◆ DATA EXTRACT ◆

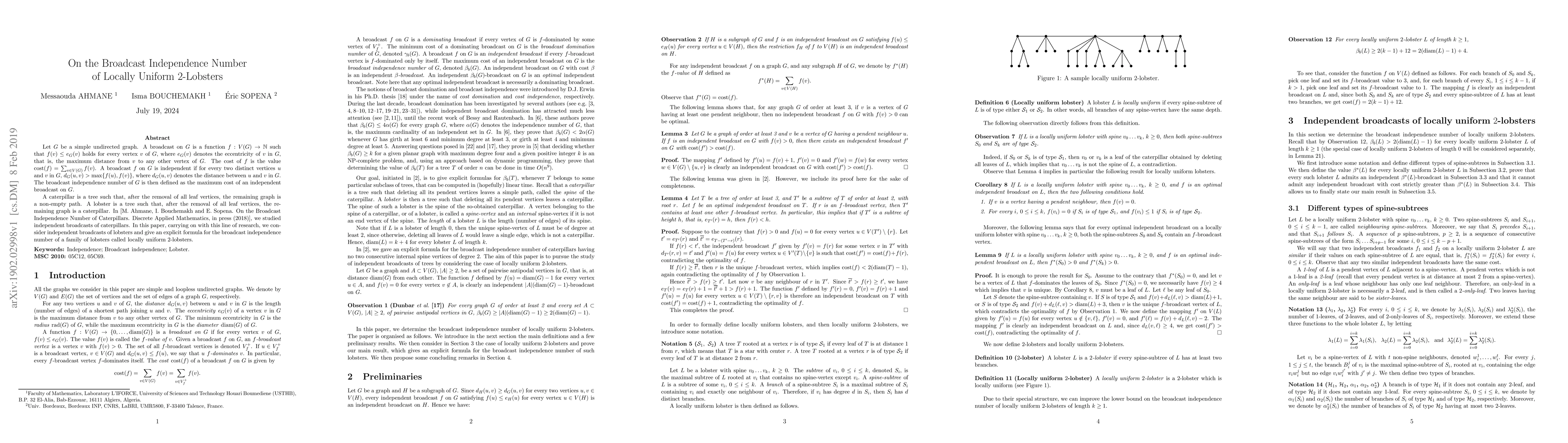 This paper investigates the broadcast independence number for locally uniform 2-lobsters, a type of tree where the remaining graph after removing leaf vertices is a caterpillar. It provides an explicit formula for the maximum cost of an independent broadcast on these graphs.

* * *

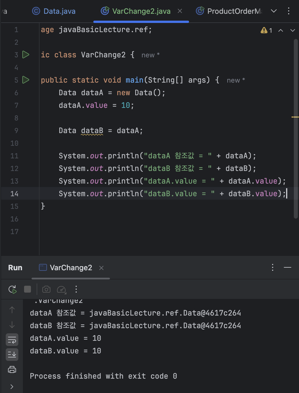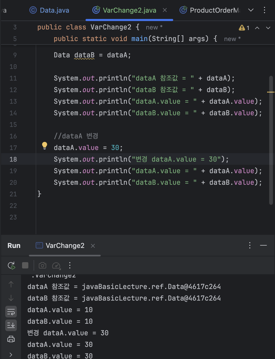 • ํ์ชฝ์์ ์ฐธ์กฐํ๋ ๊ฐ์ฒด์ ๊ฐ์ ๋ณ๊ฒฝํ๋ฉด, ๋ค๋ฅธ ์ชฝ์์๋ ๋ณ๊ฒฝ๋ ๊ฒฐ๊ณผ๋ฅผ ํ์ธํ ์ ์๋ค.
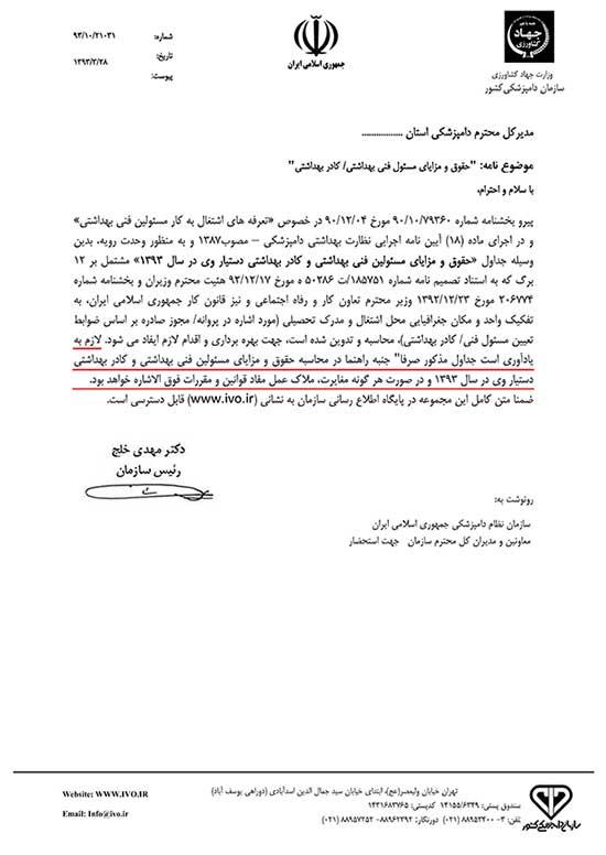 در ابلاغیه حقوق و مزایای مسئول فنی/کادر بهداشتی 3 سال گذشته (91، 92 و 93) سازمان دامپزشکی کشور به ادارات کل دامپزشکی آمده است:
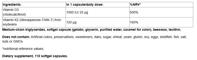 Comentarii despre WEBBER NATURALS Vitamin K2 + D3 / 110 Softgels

◆ TASK TO COMPLETE ◆
Every line above between the one containing "در ابلاغیه حقوق" and the one containing "Comentarii despre WEBBER", those two included, is to be printed exactly. No pictures go into the copy.

◆ RESPONSE ◆
 در ابلاغیه حقوق و مزایای مسئول فنی/کادر بهداشتی 3 سال گذشته (91، 92 و 93) سازمان دامپزشکی کشور به ادارات کل دامپزشکی آمده است:
 Comentarii despre WEBBER NATURALS Vitamin K2 + D3 / 110 Softgels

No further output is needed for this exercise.